┌────────

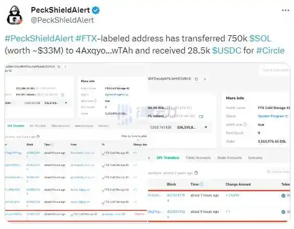 派盾:FTX 地址转移 75 万枚 SOL,价值 3300 万美元
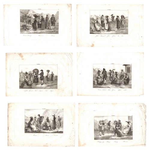 Serie di 6 stampe antiche tratte da disegni di Theodore Valerio con uomini e donne dei Popoli Romani, comunemente chiamati Zingari o Gitani, residenti nella regione storica della Slavonia, nei Balcani fra Croazia e Serbia. |
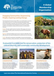 The International Ecotourism Society (TIES) is a nonprofit organization dedicated to promoting ecotourism. Founded in 1990, TIES has been on the forefront of the development of ecotourism, providing guidelines and standards, training, technical assistance, and educational resources. TIES’ global network of ecotourism professionals and travelers is leading the efforts to make tourism a viable tool for conservation, protection of bio-cultural diversity, and sustainable community development.
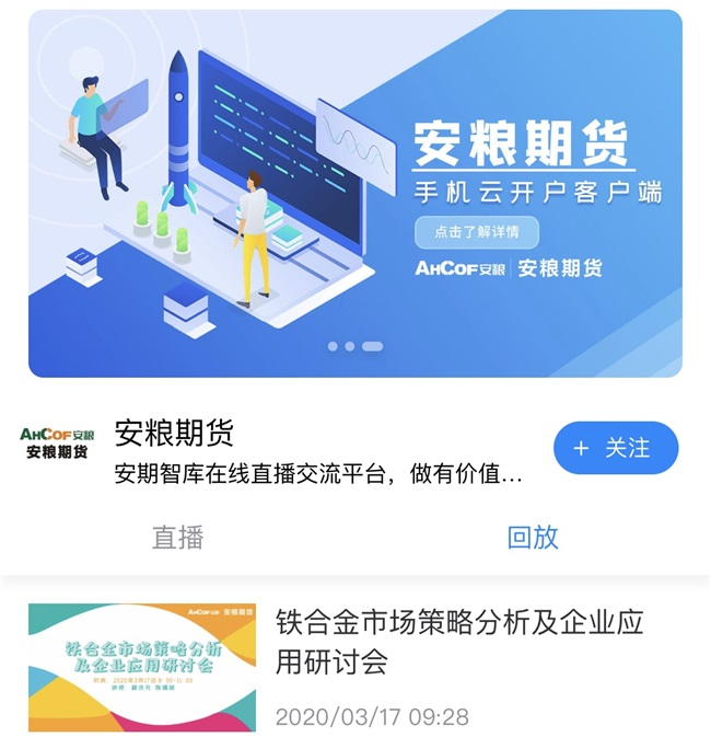 3月17日,安糧期貨利用網(wǎng)絡(luò)直播平臺(tái)召開(kāi)“鐵合金市場(chǎng)策略分析及企業(yè)應(yīng)用研討會(huì)”,這已經(jīng)是自疫情發(fā)生以來(lái)安糧期貨舉辦的第13場(chǎng)線上營(yíng)銷會(huì)議,有效解決了日常營(yíng)銷會(huì)議無(wú)法開(kāi)展的難題。據(jù)統(tǒng)計(jì)已有累計(jì)超過(guò)11000人次參與了觀看,得到業(yè)界廣泛好評(píng)。
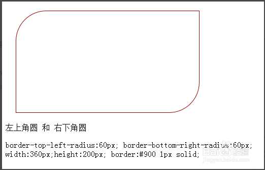 也可以通过控制border-radius的属性,将左上角为弧形和右下角为弧形,主要为border-top-left-radius 和border-bottom-right-radius.
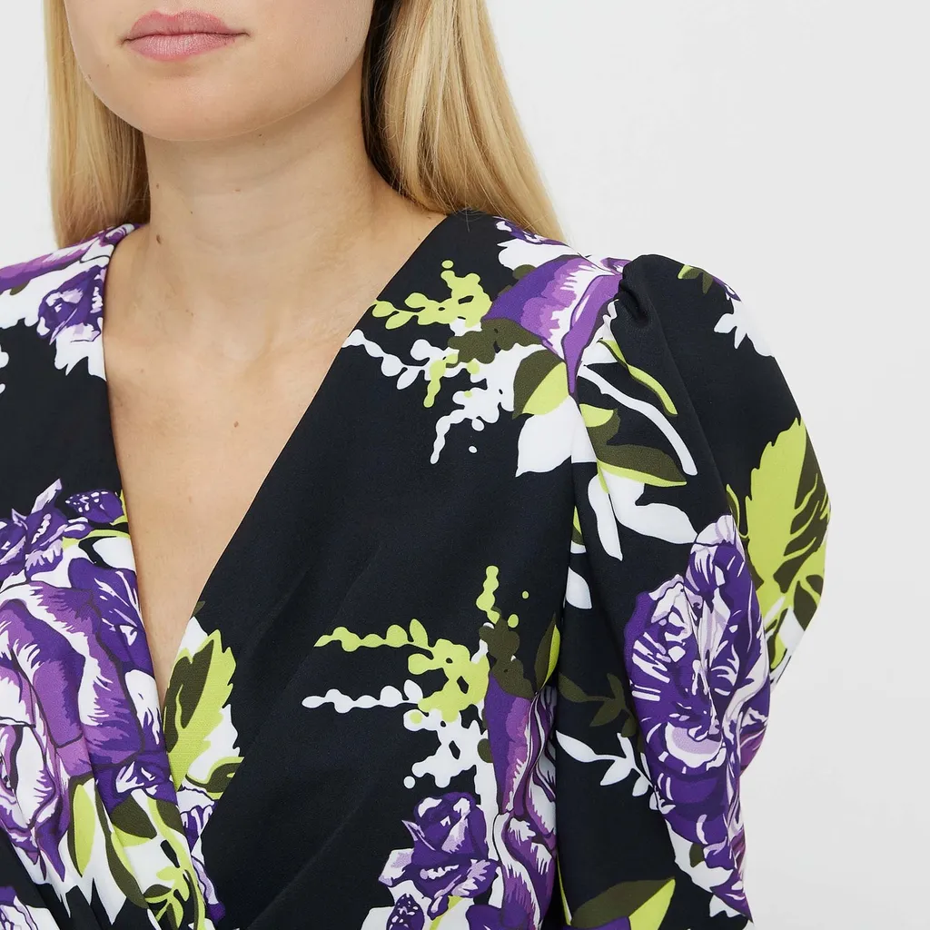 A long-sleeved wrap dress with a v-neckline, puff sleeves, and a black belt at the waist. The dress features a vibrant floral print on a black background.
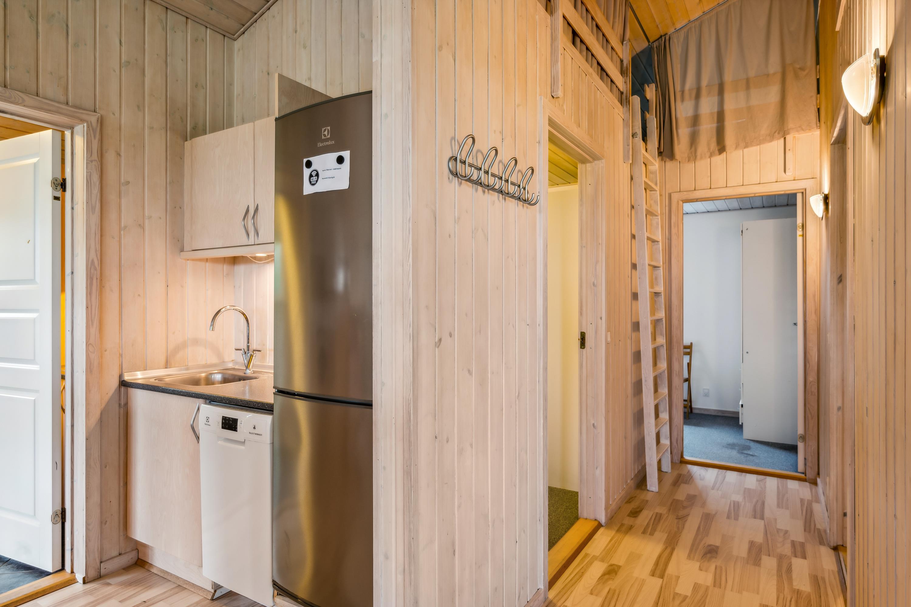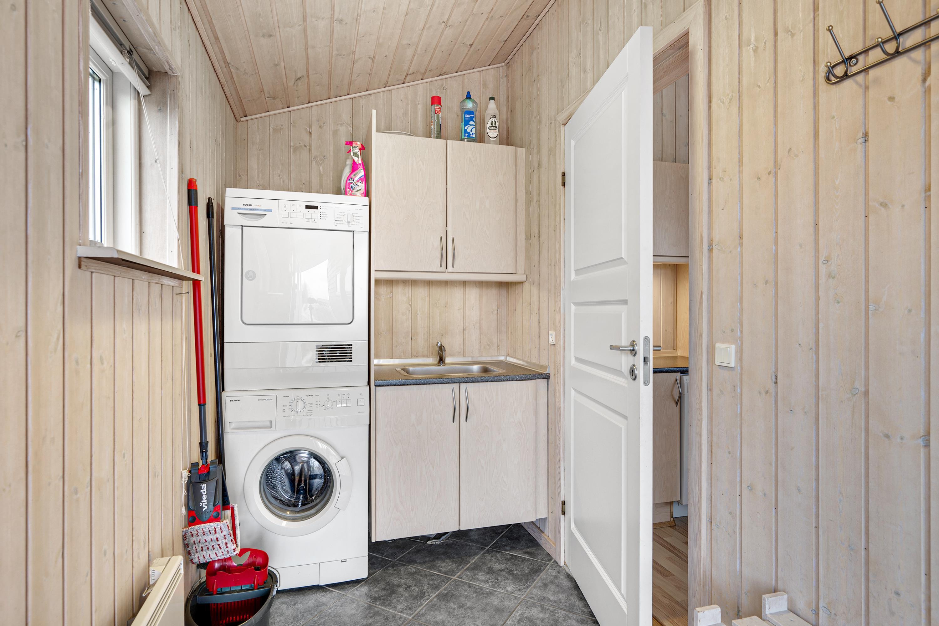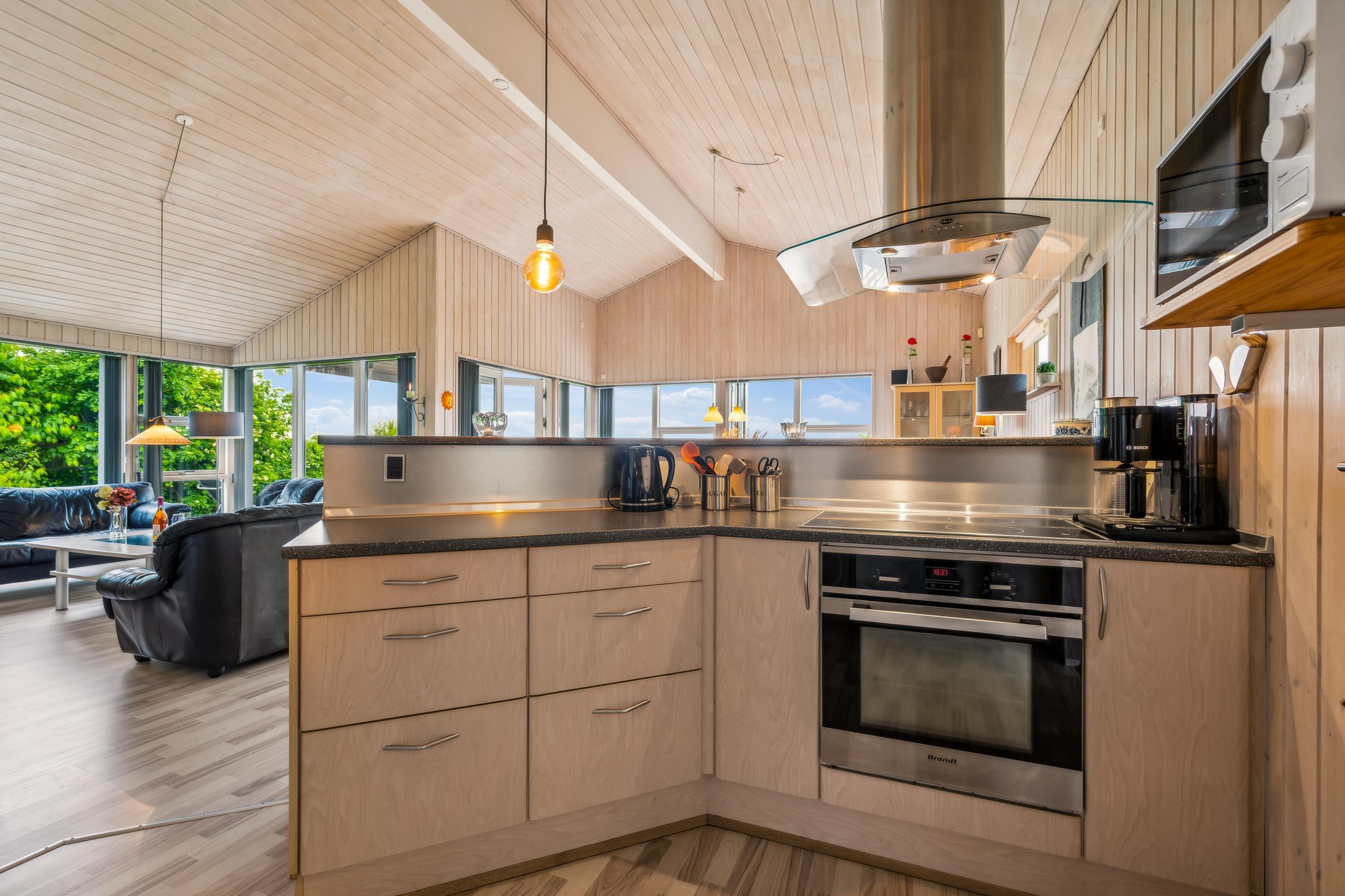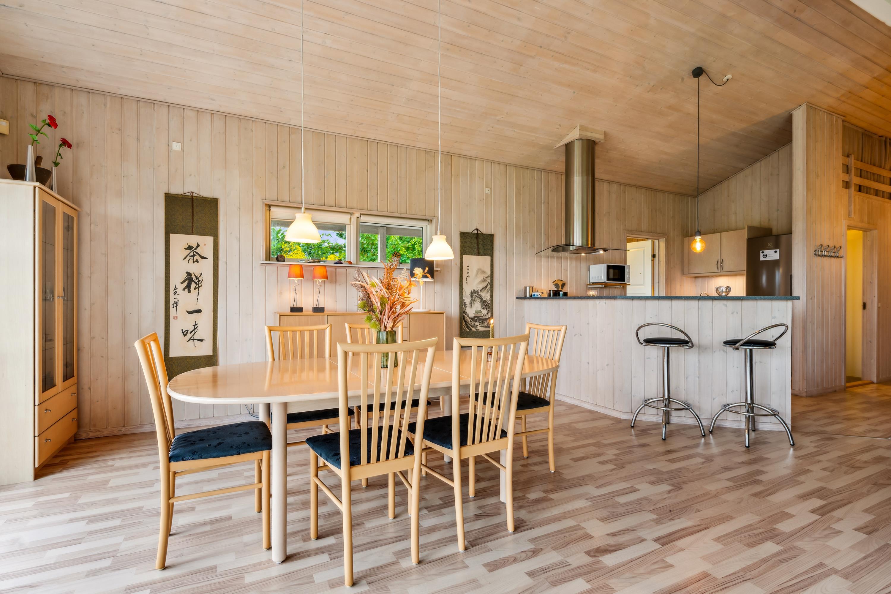 Huset fremstår overalt lyst og venligt med lofter til kip og godt lysindfald. Den store stue med panoramavinduer og udgang til terrasse har brændeovn, komfortabel sofaafdeling, TV med danske (inkl. TV2) samt god spiseplads til 8 personer. I åben forbindelse med stuen ligger godt, nyere køkken med keramiske kogeplader, ovn, køle-/fryseskab, opvaskemaskine og mikrobølgeovn. De 8 sovepladser er fordelt på 2 store værelser med dobbeltseng, 1 mindre værelse med 1 enkeltseng og køjeseng samt stor hems med dobbeltseng og 1 enkeltseng. Dejligt badeværelse med bruseniche, spabad og sauna. Gulvvarme i alle vådrum. I separat rum i forbindelse med køkken forefindes desuden vaskemaskine og tørretumbler. Der er internetadgang.

└────────

EXERCISE PROMPT
Your response must consist of the lines from the beginning of the data through the line containing "Serie di 6 stampe", transcribed exactly, with no pictures.

ANSWER
 派盾:FTX 地址转移 75 万枚 SOL,价值 3300 万美元
 Serie di 6 stampe antiche tratte da disegni di Theodore Valerio con uomini e donne dei Popoli Romani, comunemente chiamati Zingari o Gitani, residenti nella regione storica della Slavonia, nei Balcani fra Croazia e Serbia. |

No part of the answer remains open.